### Work request
Below, find the line containing "अपने आवास पर" and the line containing "Kaart 4. Groen"; reproduce exactly those two and every line between them, omitting pictures.

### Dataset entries
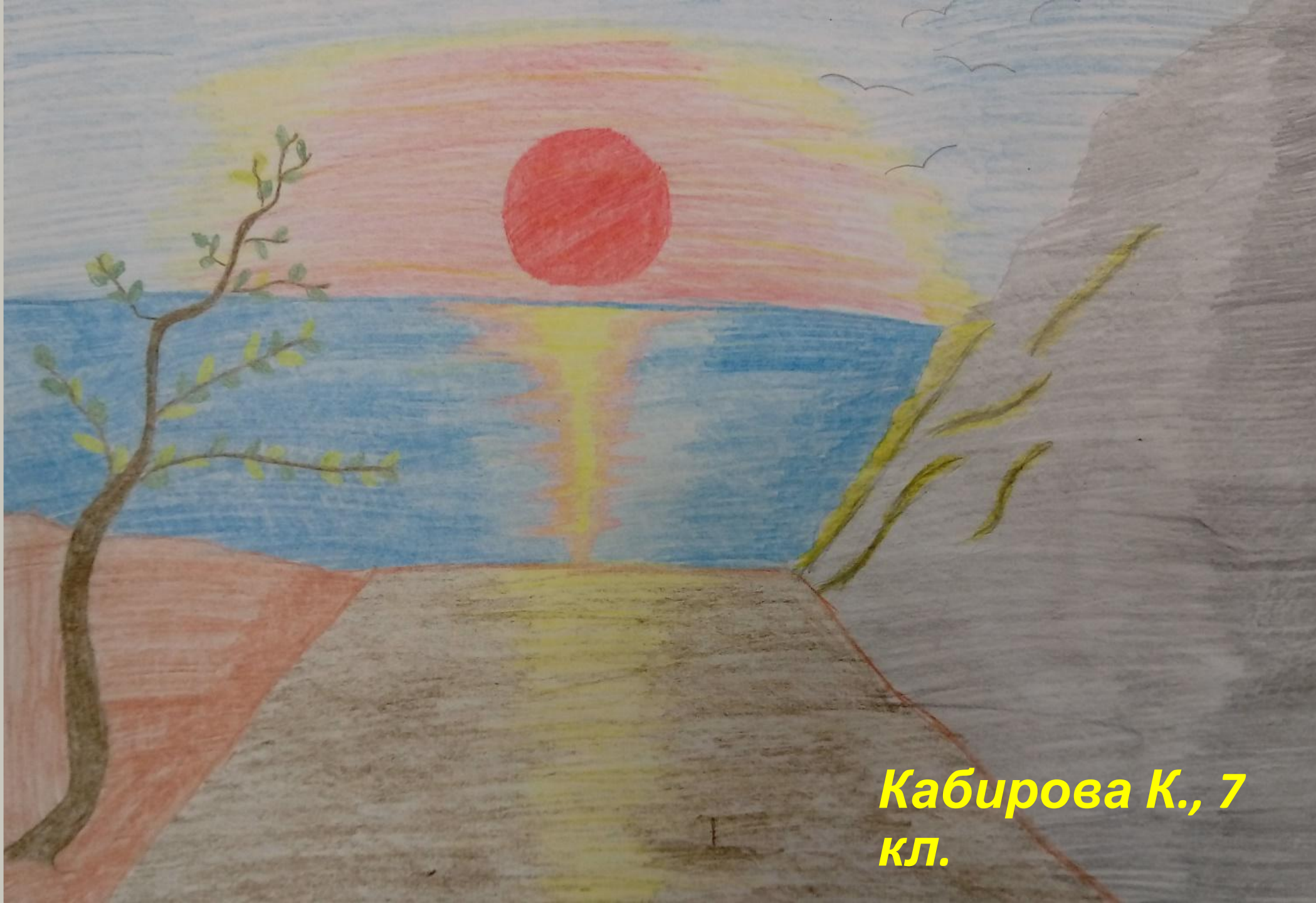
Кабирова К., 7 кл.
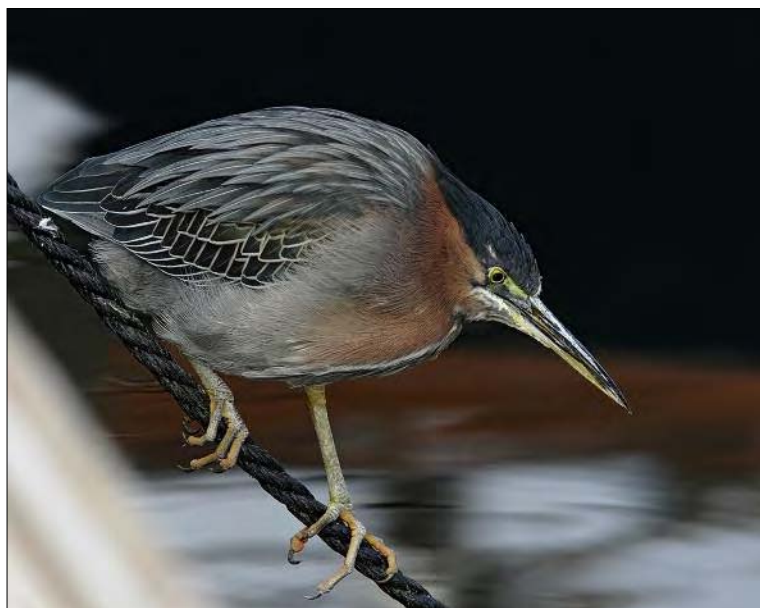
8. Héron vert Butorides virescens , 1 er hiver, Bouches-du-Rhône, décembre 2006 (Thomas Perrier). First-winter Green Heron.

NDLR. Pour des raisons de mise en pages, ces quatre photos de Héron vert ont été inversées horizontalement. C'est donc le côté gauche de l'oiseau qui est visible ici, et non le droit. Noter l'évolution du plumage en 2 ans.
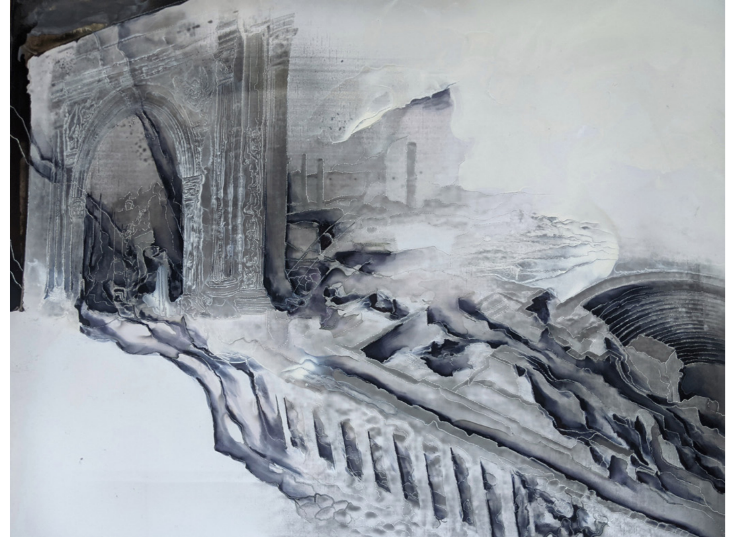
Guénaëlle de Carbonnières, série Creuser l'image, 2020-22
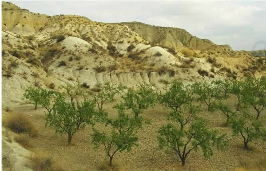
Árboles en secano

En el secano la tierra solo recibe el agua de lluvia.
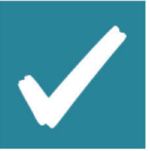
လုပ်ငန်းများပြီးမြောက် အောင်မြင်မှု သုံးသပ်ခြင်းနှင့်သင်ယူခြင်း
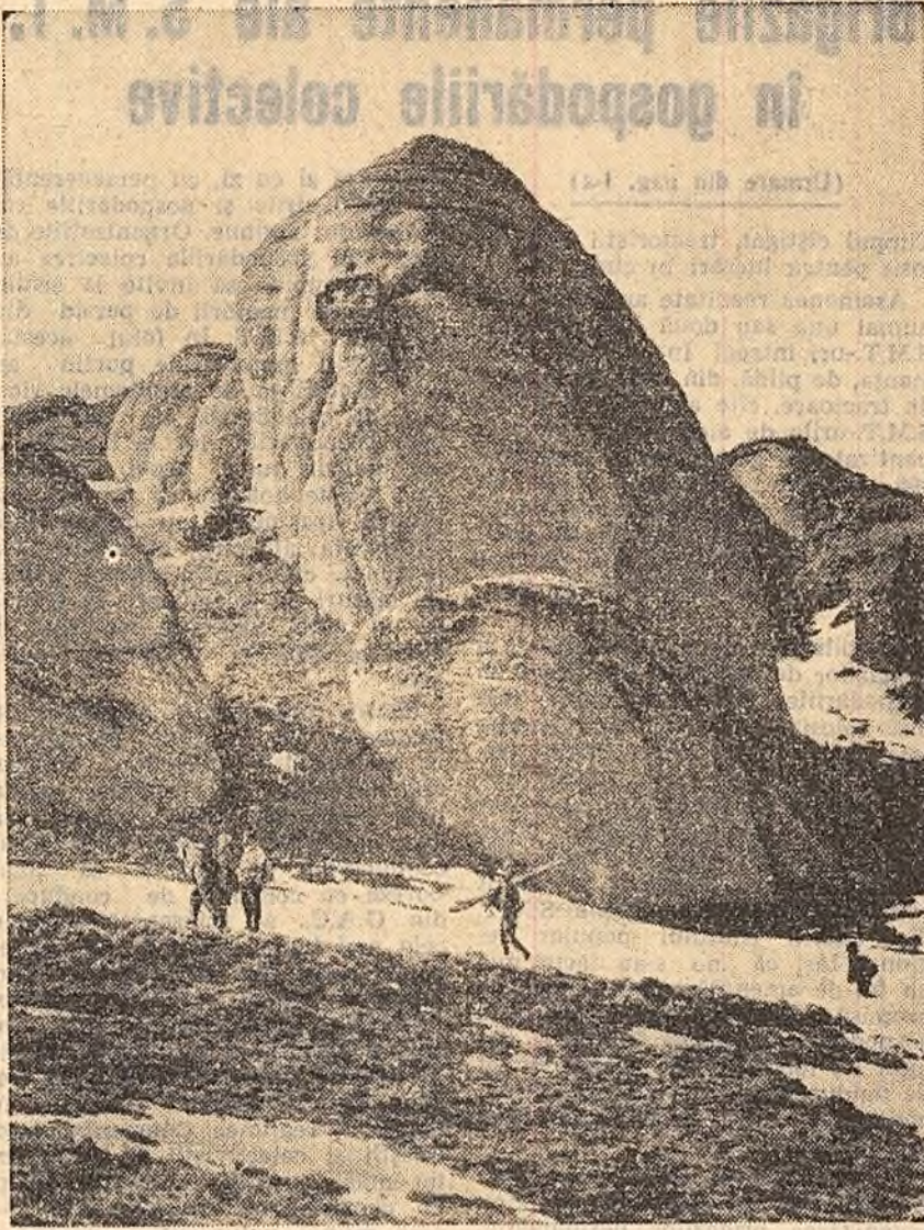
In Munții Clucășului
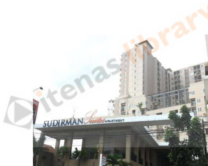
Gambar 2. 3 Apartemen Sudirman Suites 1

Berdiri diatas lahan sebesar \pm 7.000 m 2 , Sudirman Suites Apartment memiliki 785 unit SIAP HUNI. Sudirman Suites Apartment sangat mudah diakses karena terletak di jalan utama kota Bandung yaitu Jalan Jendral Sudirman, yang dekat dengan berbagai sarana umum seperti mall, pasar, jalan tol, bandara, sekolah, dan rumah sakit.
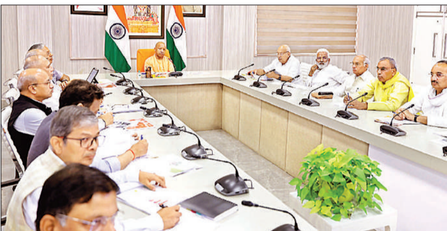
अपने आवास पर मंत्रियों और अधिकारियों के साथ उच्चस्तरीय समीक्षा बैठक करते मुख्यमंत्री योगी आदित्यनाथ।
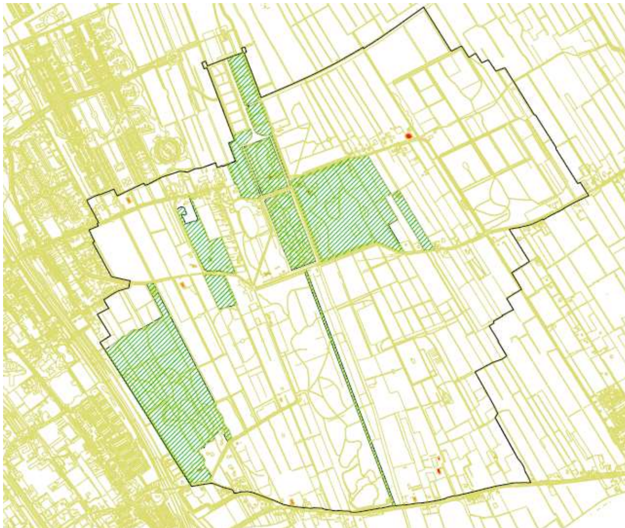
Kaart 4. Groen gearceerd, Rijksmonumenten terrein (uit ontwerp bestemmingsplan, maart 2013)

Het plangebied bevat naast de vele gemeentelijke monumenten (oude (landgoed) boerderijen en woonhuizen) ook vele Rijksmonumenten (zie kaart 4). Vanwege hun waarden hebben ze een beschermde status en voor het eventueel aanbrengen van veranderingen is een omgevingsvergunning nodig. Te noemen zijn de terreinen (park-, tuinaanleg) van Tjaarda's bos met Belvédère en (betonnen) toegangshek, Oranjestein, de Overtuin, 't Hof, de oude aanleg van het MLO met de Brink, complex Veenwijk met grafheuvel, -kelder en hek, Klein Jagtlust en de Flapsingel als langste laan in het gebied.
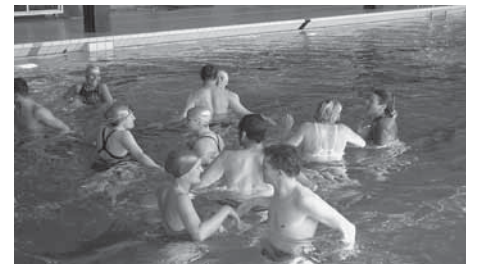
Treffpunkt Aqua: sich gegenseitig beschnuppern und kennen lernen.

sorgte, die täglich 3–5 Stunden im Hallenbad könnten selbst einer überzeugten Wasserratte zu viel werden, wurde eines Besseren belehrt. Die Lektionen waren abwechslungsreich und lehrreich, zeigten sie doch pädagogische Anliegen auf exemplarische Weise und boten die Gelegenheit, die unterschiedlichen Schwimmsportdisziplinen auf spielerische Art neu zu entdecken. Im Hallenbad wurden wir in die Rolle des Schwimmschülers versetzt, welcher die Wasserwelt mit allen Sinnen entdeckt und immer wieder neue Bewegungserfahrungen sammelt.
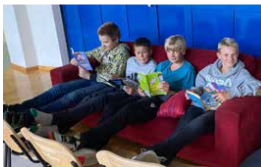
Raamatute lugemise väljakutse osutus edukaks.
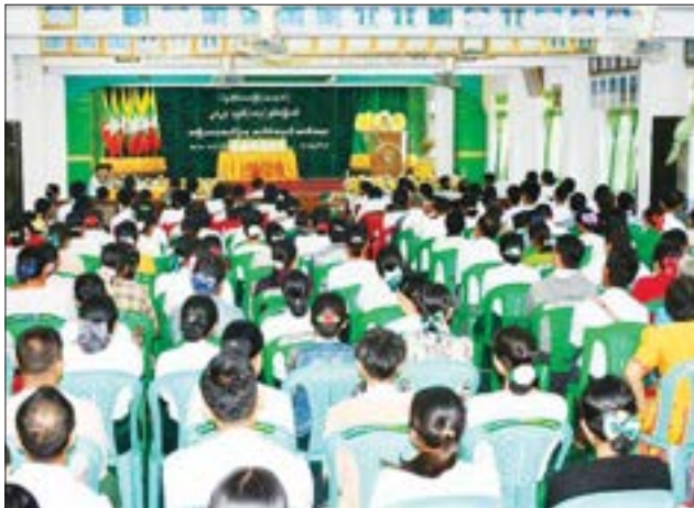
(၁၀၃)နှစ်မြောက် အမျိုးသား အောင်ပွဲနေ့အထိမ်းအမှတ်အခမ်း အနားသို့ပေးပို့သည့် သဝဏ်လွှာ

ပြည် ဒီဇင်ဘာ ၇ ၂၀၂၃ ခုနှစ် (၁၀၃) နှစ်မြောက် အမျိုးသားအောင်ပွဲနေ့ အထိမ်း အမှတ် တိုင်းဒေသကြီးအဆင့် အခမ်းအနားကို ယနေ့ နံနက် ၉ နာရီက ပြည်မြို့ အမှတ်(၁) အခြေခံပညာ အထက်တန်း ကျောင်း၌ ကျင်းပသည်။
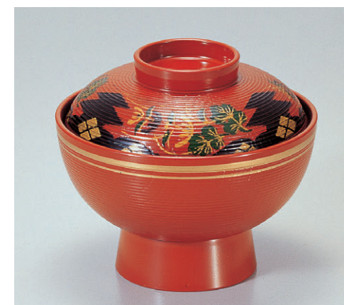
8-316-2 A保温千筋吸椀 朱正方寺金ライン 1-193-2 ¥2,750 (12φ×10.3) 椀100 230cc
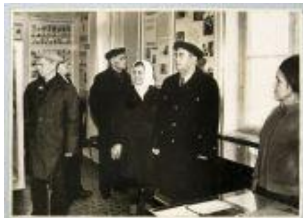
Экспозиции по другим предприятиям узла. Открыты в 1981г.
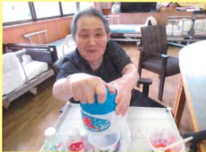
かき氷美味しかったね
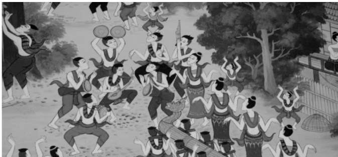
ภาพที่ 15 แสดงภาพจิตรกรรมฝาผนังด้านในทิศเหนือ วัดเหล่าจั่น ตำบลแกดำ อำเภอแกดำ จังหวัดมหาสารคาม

### Task result
अपने आवास पर मंत्रियों और अधिकारियों के साथ उच्चस्तरीय समीक्षा बैठक करते मुख्यमंत्री योगी आदित्यनाथ।
Kaart 4. Groen gearceerd, Rijksmonumenten terrein (uit ontwerp bestemmingsplan, maart 2013)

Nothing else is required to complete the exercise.